-- Opening Marker --

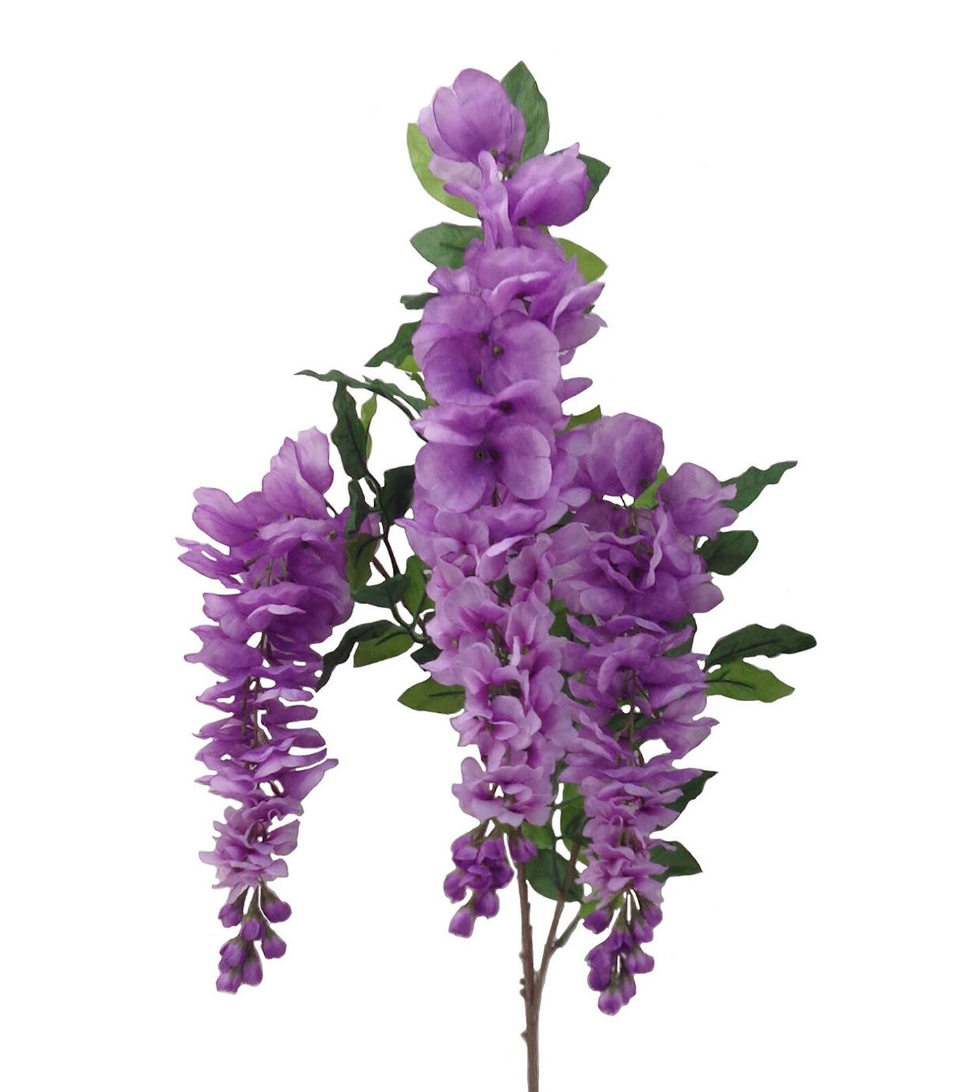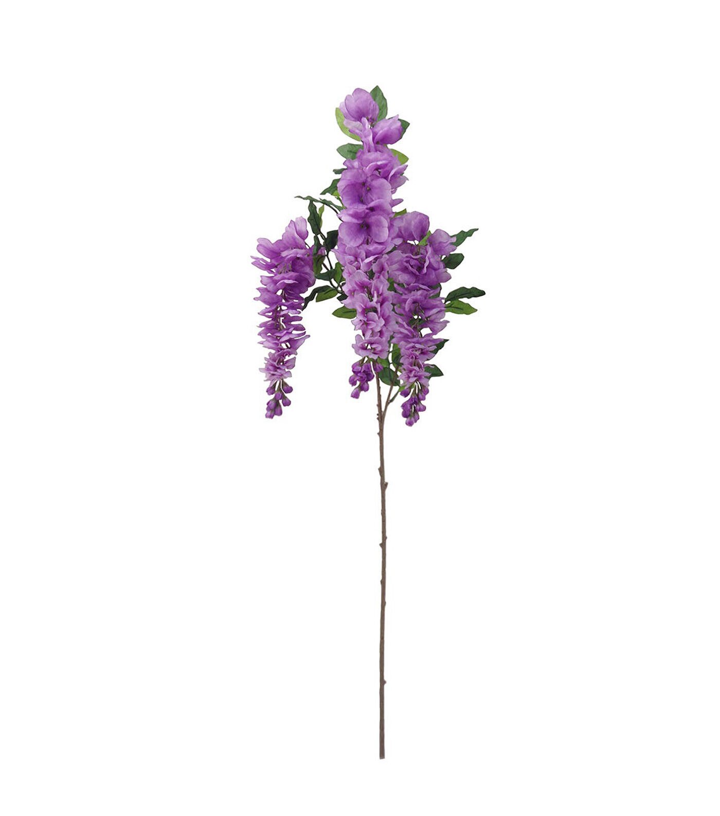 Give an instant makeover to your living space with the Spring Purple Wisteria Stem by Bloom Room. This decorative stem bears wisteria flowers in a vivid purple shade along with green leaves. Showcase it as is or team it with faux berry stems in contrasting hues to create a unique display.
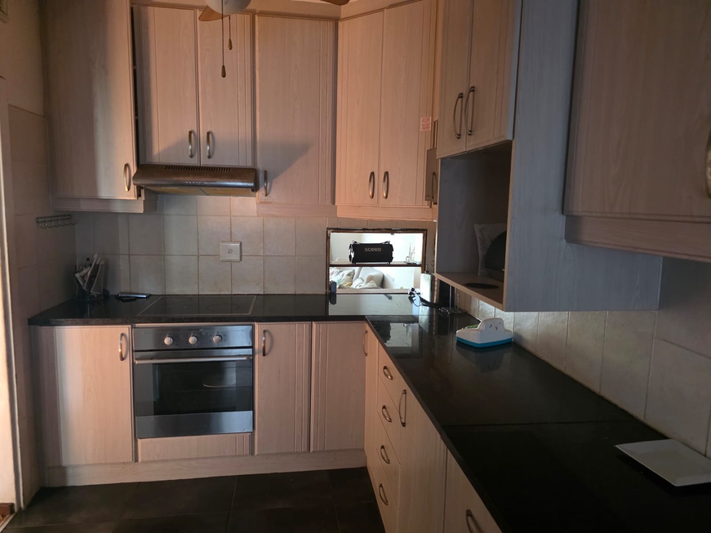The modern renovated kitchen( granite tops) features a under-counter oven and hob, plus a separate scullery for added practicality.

-- Closing Marker --
-- Opening Marker --

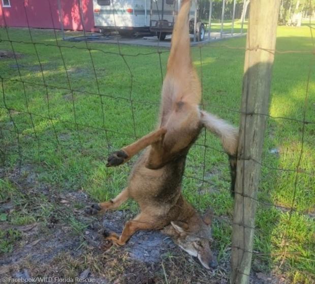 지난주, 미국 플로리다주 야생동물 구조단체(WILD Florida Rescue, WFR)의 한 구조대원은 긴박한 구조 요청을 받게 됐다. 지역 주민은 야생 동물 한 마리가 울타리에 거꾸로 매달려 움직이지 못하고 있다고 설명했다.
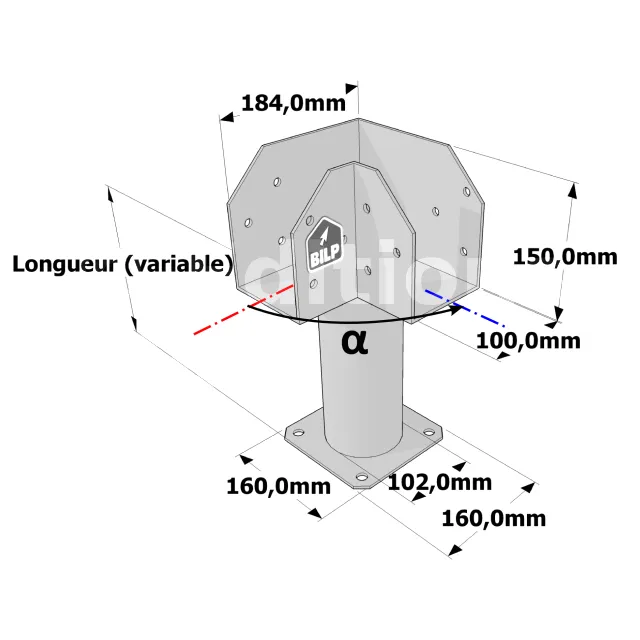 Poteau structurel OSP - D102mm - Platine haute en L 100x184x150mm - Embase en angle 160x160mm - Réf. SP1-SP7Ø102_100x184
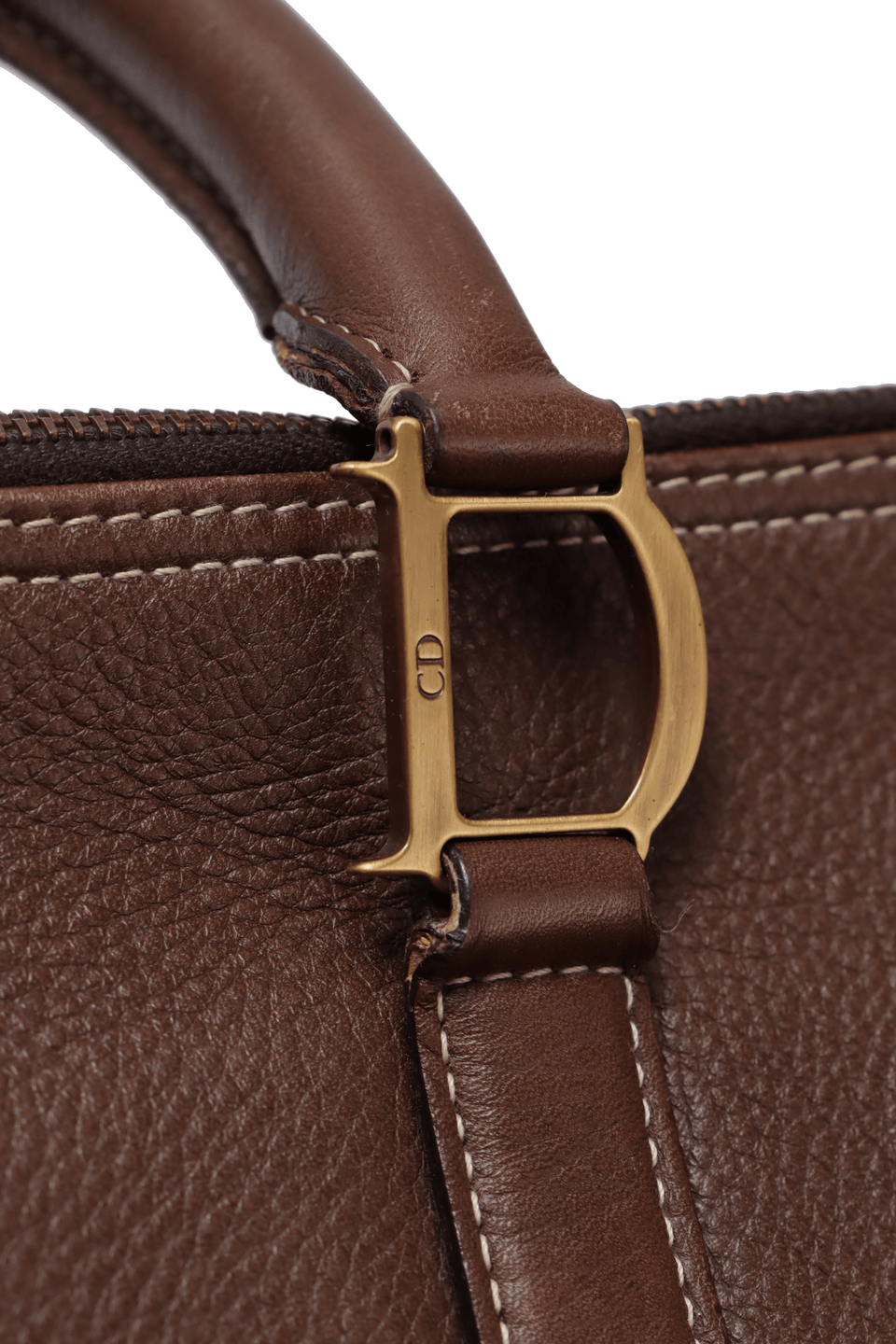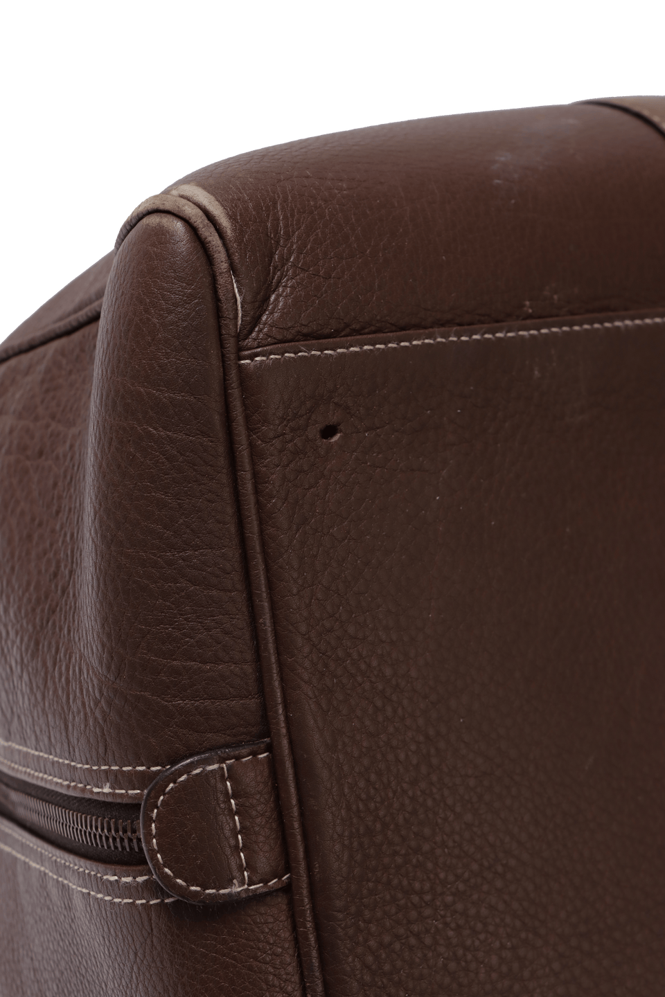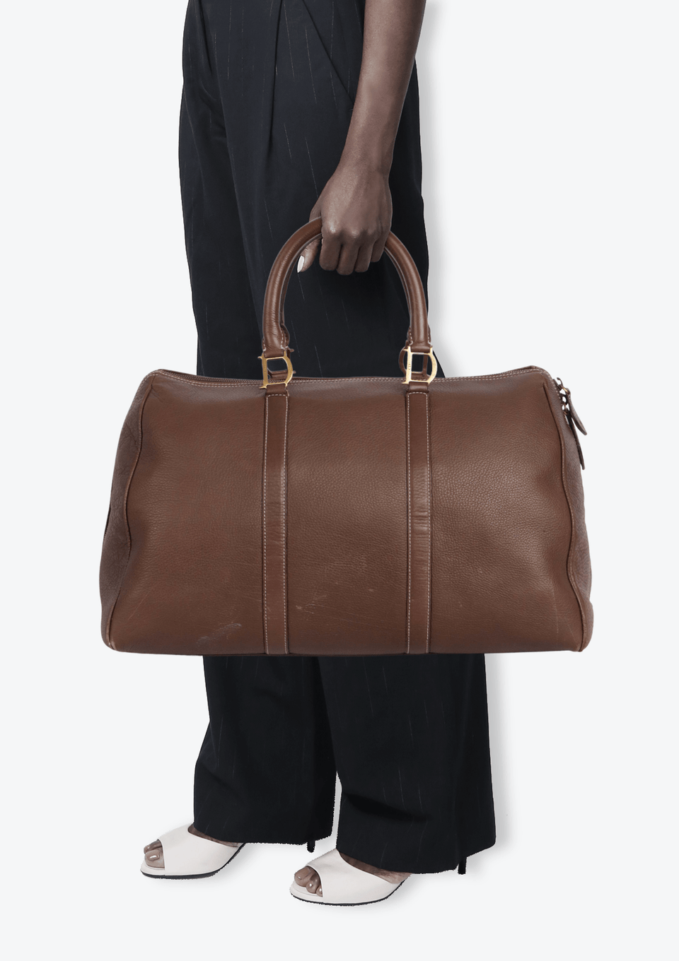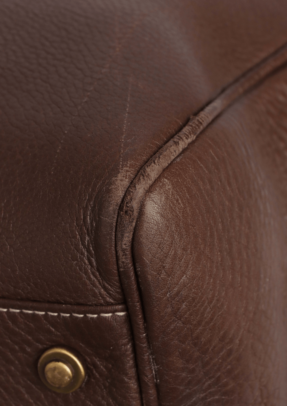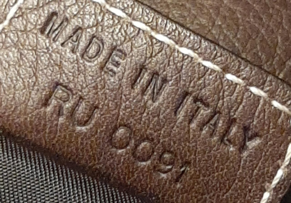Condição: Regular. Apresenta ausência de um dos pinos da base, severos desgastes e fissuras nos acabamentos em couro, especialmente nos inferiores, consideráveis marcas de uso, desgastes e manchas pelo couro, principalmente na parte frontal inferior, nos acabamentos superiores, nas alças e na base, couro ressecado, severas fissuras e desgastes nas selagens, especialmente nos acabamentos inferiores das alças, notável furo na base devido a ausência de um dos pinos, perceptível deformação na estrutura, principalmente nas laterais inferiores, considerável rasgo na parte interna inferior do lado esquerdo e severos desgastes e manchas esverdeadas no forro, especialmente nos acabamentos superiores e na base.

-- Closing Marker --

From the records above, transcribe exactly the lines starting at the one containing "지난주, 미국 플로리다주" and ending at the one containing "Poteau structurel OSP". Skip the pictures.

### SOLUTION TO THIS EXERCISE
 지난주, 미국 플로리다주 야생동물 구조단체(WILD Florida Rescue, WFR)의 한 구조대원은 긴박한 구조 요청을 받게 됐다. 지역 주민은 야생 동물 한 마리가 울타리에 거꾸로 매달려 움직이지 못하고 있다고 설명했다.
 Poteau structurel OSP - D102mm - Platine haute en L 100x184x150mm - Embase en angle 160x160mm - Réf. SP1-SP7Ø102_100x184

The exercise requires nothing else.